Nose: Surprisingly shy straight out of the bottle taking a little time in the glass to unravel. Cured meats, ham hock and boiled vegetables sit with prominent damp cardboard and wallpaper paste. Running throughout, brine and a combination of tarriness and medicinal wipes. These expand with resting to take on ointment, bandages and green peppers. Reduction highlights brackish pond water and even more moist paper matter – papier mache.
Taste: A bigger and bolder arrival which offers good impact – a building wave of flavour which erupts and concentrates. First open, burning logs, then tarriness with bitumen and felt. The development moves through brine and salt into kelp before heading to the hospital with floor cleaners and a tang of grapefruit pith. The back palate has meatiness from BBQ and additional road surfacing elements alongside fire hearths.
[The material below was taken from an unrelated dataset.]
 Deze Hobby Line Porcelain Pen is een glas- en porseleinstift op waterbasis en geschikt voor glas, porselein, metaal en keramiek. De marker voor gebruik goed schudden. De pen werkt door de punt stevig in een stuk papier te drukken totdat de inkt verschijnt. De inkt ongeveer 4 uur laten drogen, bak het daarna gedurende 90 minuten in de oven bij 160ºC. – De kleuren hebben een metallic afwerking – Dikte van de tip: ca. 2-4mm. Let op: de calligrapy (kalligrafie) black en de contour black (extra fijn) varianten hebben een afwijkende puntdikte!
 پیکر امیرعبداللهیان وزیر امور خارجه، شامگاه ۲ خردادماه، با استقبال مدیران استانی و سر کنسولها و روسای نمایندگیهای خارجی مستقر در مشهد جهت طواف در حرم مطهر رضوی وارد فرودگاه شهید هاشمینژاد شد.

The addition of water reveals ashiness and pepperiness, but also a touch of raw oak in the back-palate.
Finish: Medium to long, tarry and with lemon-soaked oysters and yet more damp cardboard.
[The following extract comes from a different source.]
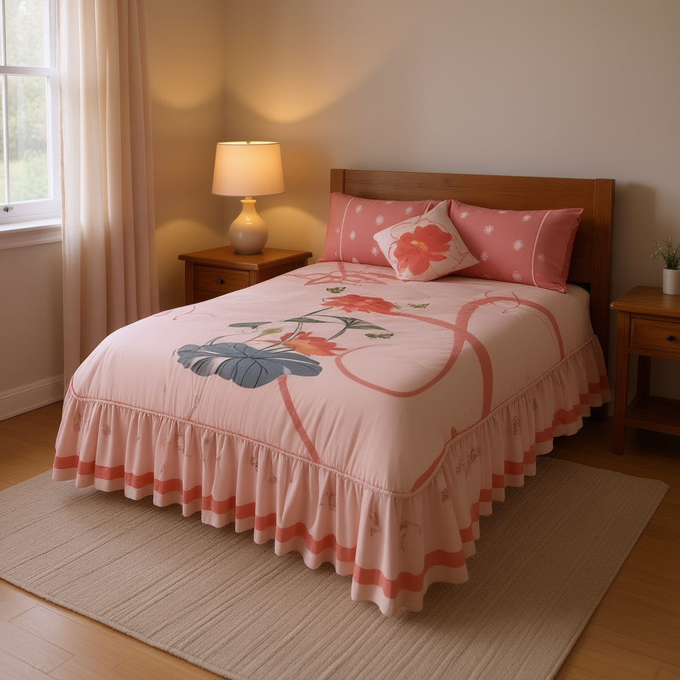 Lety Double Quilt Matrimonial Size Floral Embroidered Classic Style All Season Home Bedding

Whilst it would be unfair to describe this young Laphroaig as ‘undercooked’, there’s nevertheless a lack of precision and the character that sub-10 year old Laphroaig is capable of producing. I’ve seen plenty of fuss about this bottling from preview tastings early in the week – and I’m honestly confused as to why (beyond a die-hard predilection for distillery #29). Damp cardboard syndrome™ runs throughout and whilst it doesn’t spoil the overall character of the whisky, it certainly detracts from it.